Zacząłeś od tego
a teraz jesteś pozytywnie zaskoczony mbike, który jest największym dziadkowozem w świecie graveli i oferuje bardziej wyprostowaną pozycję podczas jazdy niż sporo rowerów trekkingowych? Coś tu się kupy nie trzyma
Nie ma jednoznacznej odpowiedzi. Masz w planach inwestycje w rower (co się w tym przedziale cenowym totalnie nie opłaca) to szukaj jak najlepszej ramy, w innym wypadku trzeba brać najbardziej sensowny kompromis. Osobiście układałbym to (jeśli nie będziesz wymieniał gratów) w w kolejności karbonowy widelec>osprzęt>sztywne osie.

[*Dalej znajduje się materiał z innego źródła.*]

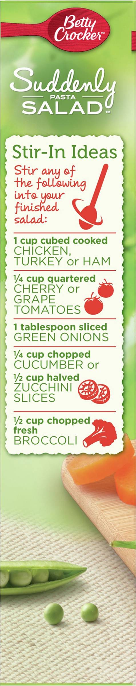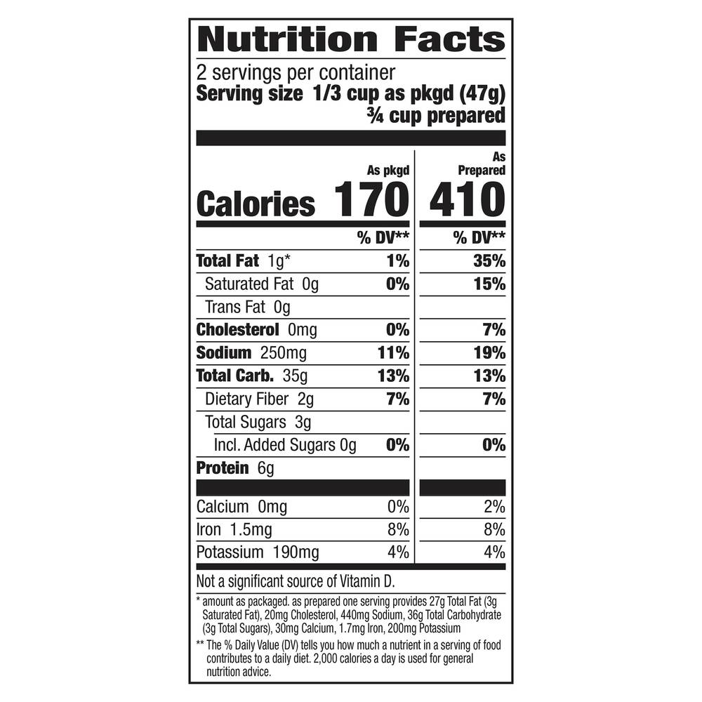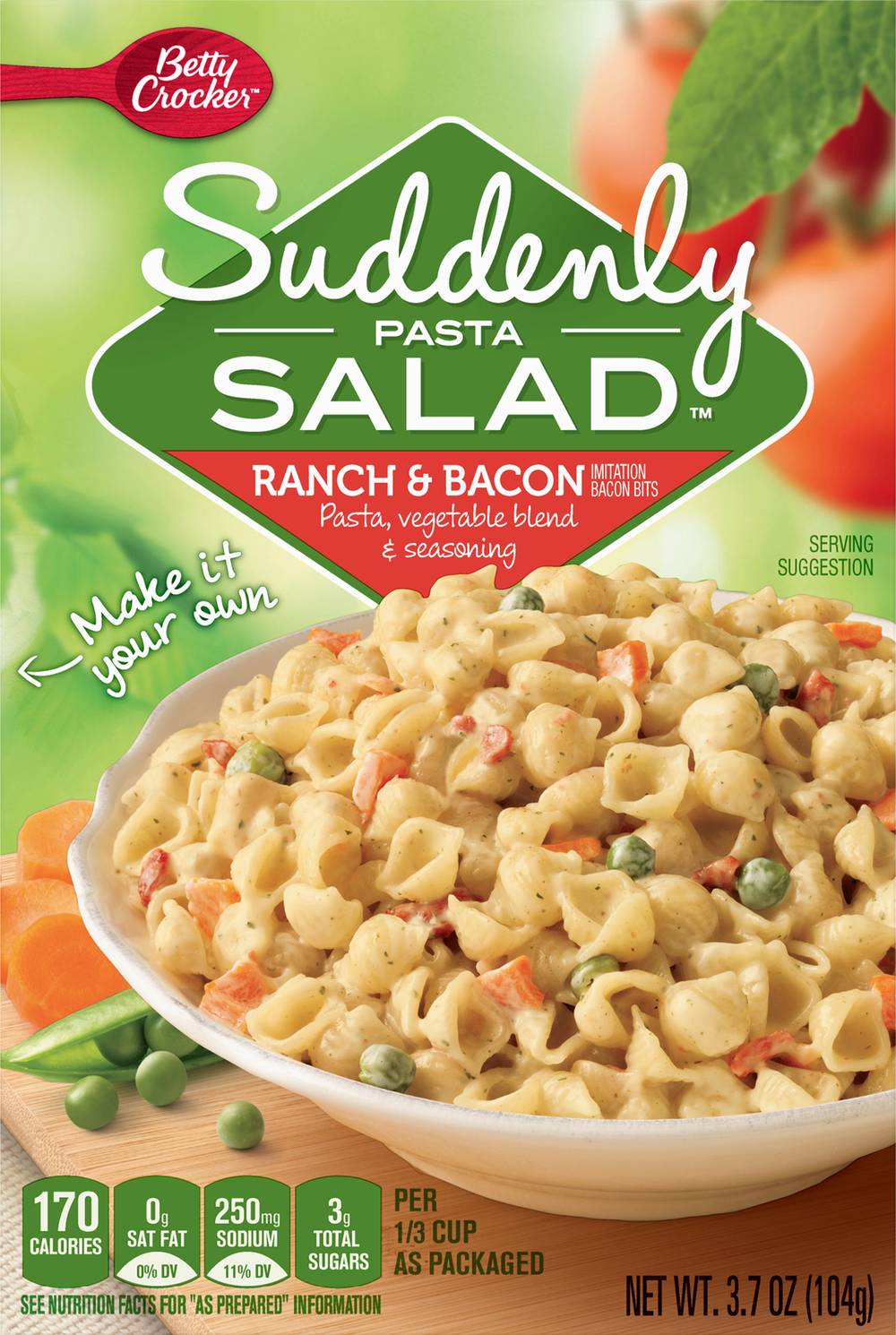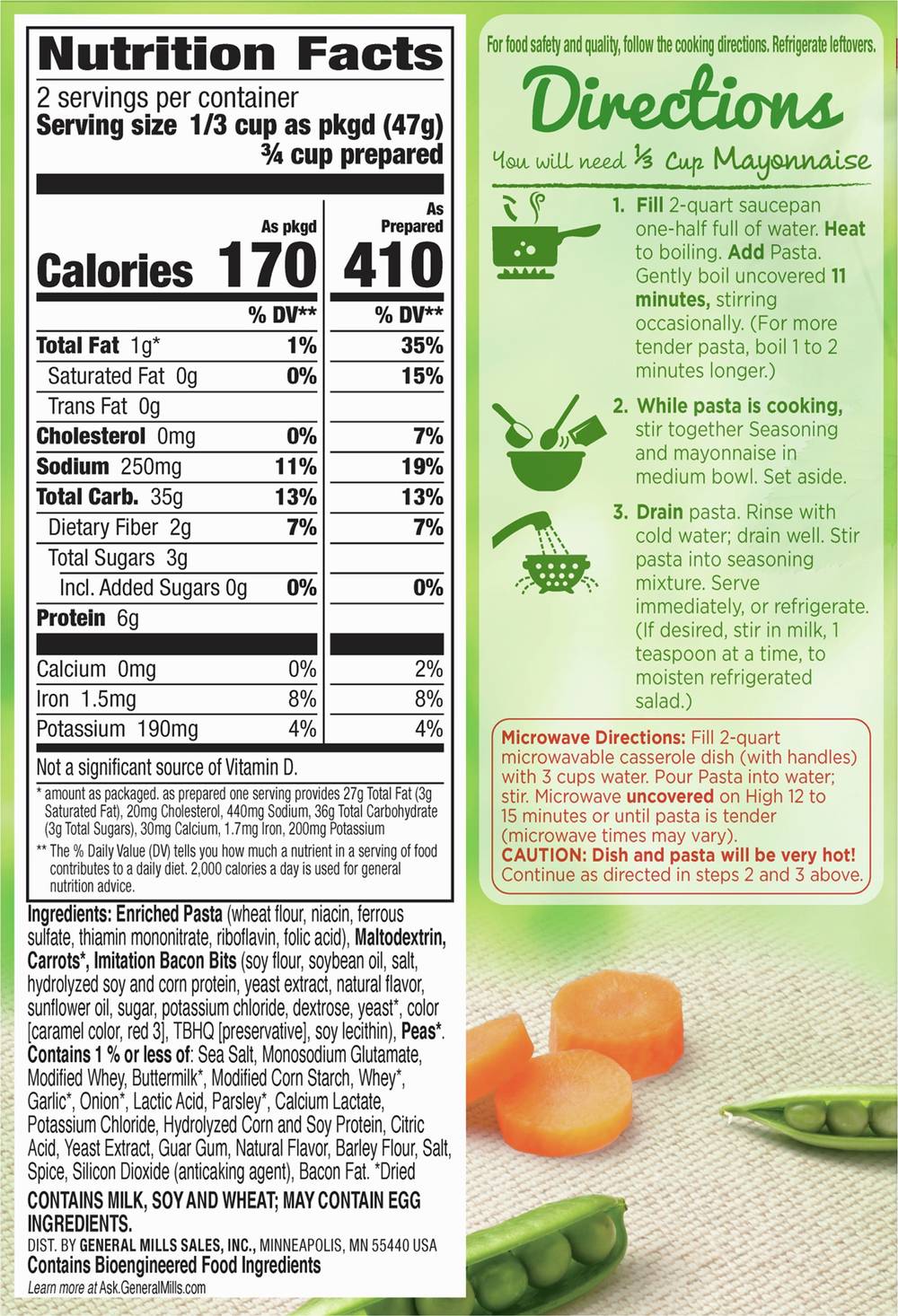 Pasta, vegetable blend & seasoning. Per 1/3 Cup as Packaged: 170 calories; 0 g sat fat (0% DV); 250 mg sodium (11% DV); 3 g total sugars. See nutrition facts for as prepared information. Contains bioengineered food ingredients. Learn more at Ask.GeneralMills.com. Immitation bacon bits. Make it your own. Tested & approved in the Betty Crocker kitchens. Each Betty Crocker product provides delicious homemade taste every time. www.BettyCrocker.com. how2recycle.info. 100% recycled paperboard. • Number of servings: 2 • General Mills Sales, Inc., Minneapolis, MN, 55440, Ph: 800-754-3516 • Packaging: Reusable
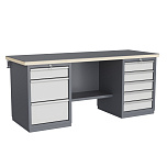 Двухтумбовый. Допустимая нагрузка на столешницу 1000 кг. Опорные элементы выполнены сварными из холоднокатаной стали. Для выполнения сборочных, ремонтных, слесарных, монтажных и других видов работ на производстве, в сервисных центрах, мастерских, гаражах, а также для обучения технологии в учебных заведениях. Комплектуется полкой-стенкой, расположенной под столешницей для удобного размещения габаритного инструмента и оснастки. Размеры верстака: 855x1796x696 мм. Вес: 133 кг. Поставляется в 4 комплектациях на выбор.

Wiesz ile cię dzieli od kompletnego, świetnie skonfigurowanego gravela gdzie nie ma się do czego przyczepić? 1500 złotych, Czy to dużo czy mało sam sobie odpowiedz. 5999 złotych, tyle katalogowo kosztuje romet aspre 2, który ma sztywne osie, karbonowy widelec i pełną grupę shimano grx z hydraulicznymi hamulcami, nie musisz do tego roweru nic dokładać, ma wszystko co współczesny gravel powinien mieć. W kwestii rowerowych wydatków lepiej raz a porządnie unikając niepotrzebnych, pośrednich wydatków. Niektórzy się do tego zastosują, inni zrozumieją spoglądając na stan konta po próbach pudrowania trupa.